Data Accuracy and Limitations
The purpose of competitive data is to help managers better understand their market and their competitors. This better understanding allows them to make better choices regarding their pricing and minimum night stay strategy, which leads to better unit revenue.
Scraped data has its uses as a data source, but it is simply the least reliable and least accurate type of data available. That is not particularly surprising when you think about how it is collected. A much easier way to get the same data would be to ask Airbnb or VRBO for keys to their APIs. That would eliminate the need for repeatedly pinging their front-end for information.
Many reasons are in place for this to be improbable, so the only way to get the data is to create it by making tons of requests to their website and interpreting the responses. In dynamic markets, prices change frequently. Professionally managed properties can have the prices change several times in a single day. That is a substantial challenge for data scraping because running the scraper at a high frequency and storing that much data becomes very expensive very fast. When the scraper’s frequency is not enough, it will miss the critical changes.
Just to give you an idea of scale, handling data for a single unit’s daily pricing for the next 365 days throughout an entire year could take up to approximately 20 MB of data, granted this update performs only once every day. That sets up the average block of data at 1GB for every 50 tracked units year-round. Now keep in mind that an average city can have anywhere from 2,000 to 5,000 units, and metropolitan areas can have anywhere from 20,000 to 30,000+ units in their market. Also, consider new properties, properties re-listed, and properties dropping off the market.
Occupancy can also be challenging to calculate from scraped data accurately. Scrapers see a binary value for occupancy “occupied” or “not occupied,” but there is a third value that they cannot see. That value is “owner-occupied.” There are also segments of the inventory that the manager may block off for multiple reasons. Inventory could appear as booked to the scraper, but the manager is just holding it off the market for some time.
Similarly, some properties will show as booked or canceled. The combination of pricing and occupancy having accuracy issues makes calculating revenue challenging to get correct. Quibble ran a data scraper on a property set for which we also had the host data. The experiment ran over six months on 100 properties across the US. Below are the results:
The experiment’s purpose was to test the data’s accuracy and determine its value for incorporating it into our pricing algorithm. The error is the difference between what was captured by the scraper and the actual host data. How meaningful is this error? That depends on the purpose and intent you have for that data.
Anonymized Host Data
Host data is very reliable because the source is the host. The data does not have issues with pricing, occupancy, or revenue. The host sells every reservation, so they know the exact price for every reservation sold. Therefore they know the revenue. They also know the occupancy because they are controlling the inventory availability.
The most significant constraint to host data is availability. There are not many vendors offering this data to the STR industry at the moment. The most notable provider is Key Data Dashboard. To get this data, the vendor needs to create a relationship with many property managers in a single area.

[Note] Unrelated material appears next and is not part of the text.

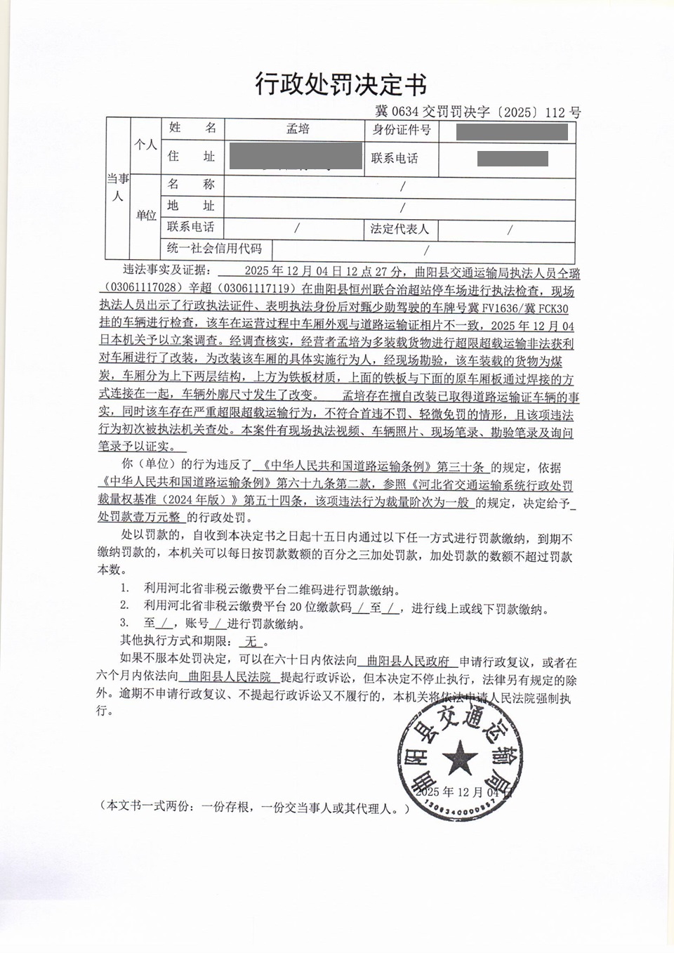 孟培擅自改装已取得道路运输证的车辆冀0634交罚〔2025〕112号

If a particular area only has 2-3 property managers or very few properties, the anonymized host data will not be beneficial. That also breaks down anonymity. But, once the market has enough participants (customers), the data becomes incredibly useful and reliable.
How valuable is this data? That depends on how much market penetration the vendor has in your market.
When and how to use each source of competitive data in the short-term rental industry
One of the most significant benefits of using scraped data is how quickly it’s generated without needing hundreds or thousands of reciprocal agreements. So, data scrapers and vendors that sell this data can get data on hundreds of thousands of properties very quickly. What the data lacks in accuracy, it makes up in quantity. On the other hand, the dataset from the anonymized host data is much smaller but is much more accurate.
The table below describes the appropriate use of each of the available data types.
Since scraped data has the most significant error, it has the fewest functions in your toolkit. A good data scraper that is frequently running should have the lowest error on capturing competitor pricing. That makes this data great for price comparison.
All pricing and revenue management functions in your business can use anonymized data in a market with high penetration (+10% of the market represented). If the data has low market penetration, you should treat the data more like the scraped data.
A data source you should be 100% confident in is your reservation data. This data is excellent for all functions of your business.